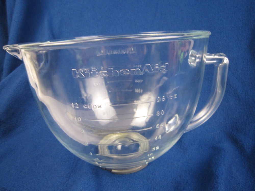 KitchenAid Glass Pour Mixing Bowl Cups 96OZ For Tilt Head Mixer W10220977-No Lid ***MAKE SURE YOU ARE BUYING THE CORRECT BOWL FOR YOUR MACHINE*** ***NO LID INCLUDED*** ***Good used condition, some minor scratches and scuffs, bowl only - NO LID INCLUDED Review the pictures carefully & read full description please! Please take the time to examine the pics before buying or bidding. We always try to post the clearest pictures possible. What you see in the pictures is the actual item for sale. If you have any questions or need further pictures of an item, please contact me. SHIPPING Item ships from Pembina, North Dakota via United States Postal Service or United Parcel Service (UPS). After payment; Item will be shipped within 2 business days, unless weather prevents travel :) PRODUCT RETURNS Any concerns or questions, please contact me and I will do my best to resolve! Please contact me before initiating a return. I accept returns, but buyer is responsible for return shipping costs. The same item ordered would need to be returned in the condition it was shipped out. Serial numbers and security features will be verified before a refund is issued. Thank you for looking. I hope you find an item that brings you joy and rekindles great memories.
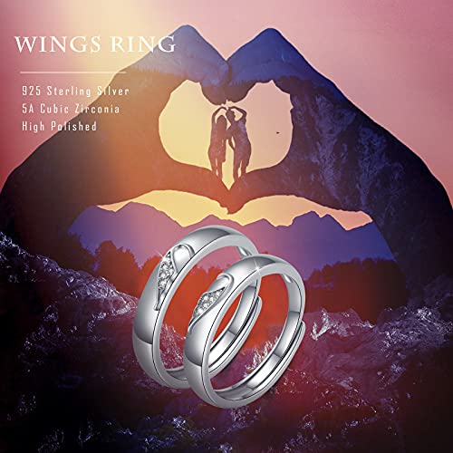 AOVEAO Angel Wings Couple Matching Rings 2pc,925 Sterling Sliver
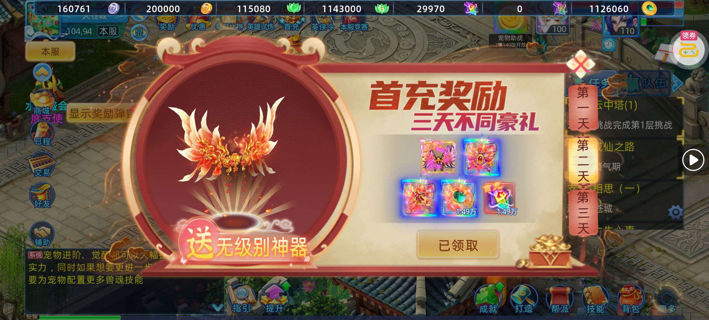 30张648真充卡豪礼、侠客灵丹*10、侠客神丹*10、侠客金丹*1、专属挑战令*1(每个账号限领一次)

## TASK TO CARRY OUT
Without the pictures, output the full listing exactly as it stands.

## EXERCISE ANSWER
 KitchenAid Glass Pour Mixing Bowl Cups 96OZ For Tilt Head Mixer W10220977-No Lid ***MAKE SURE YOU ARE BUYING THE CORRECT BOWL FOR YOUR MACHINE*** ***NO LID INCLUDED*** ***Good used condition, some minor scratches and scuffs, bowl only - NO LID INCLUDED Review the pictures carefully & read full description please! Please take the time to examine the pics before buying or bidding. We always try to post the clearest pictures possible. What you see in the pictures is the actual item for sale. If you have any questions or need further pictures of an item, please contact me. SHIPPING Item ships from Pembina, North Dakota via United States Postal Service or United Parcel Service (UPS). After payment; Item will be shipped within 2 business days, unless weather prevents travel :) PRODUCT RETURNS Any concerns or questions, please contact me and I will do my best to resolve! Please contact me before initiating a return. I accept returns, but buyer is responsible for return shipping costs. The same item ordered would need to be returned in the condition it was shipped out. Serial numbers and security features will be verified before a refund is issued. Thank you for looking. I hope you find an item that brings you joy and rekindles great memories.
 AOVEAO Angel Wings Couple Matching Rings 2pc,925 Sterling Sliver
 30张648真充卡豪礼、侠客灵丹*10、侠客神丹*10、侠客金丹*1、专属挑战令*1(每个账号限领一次)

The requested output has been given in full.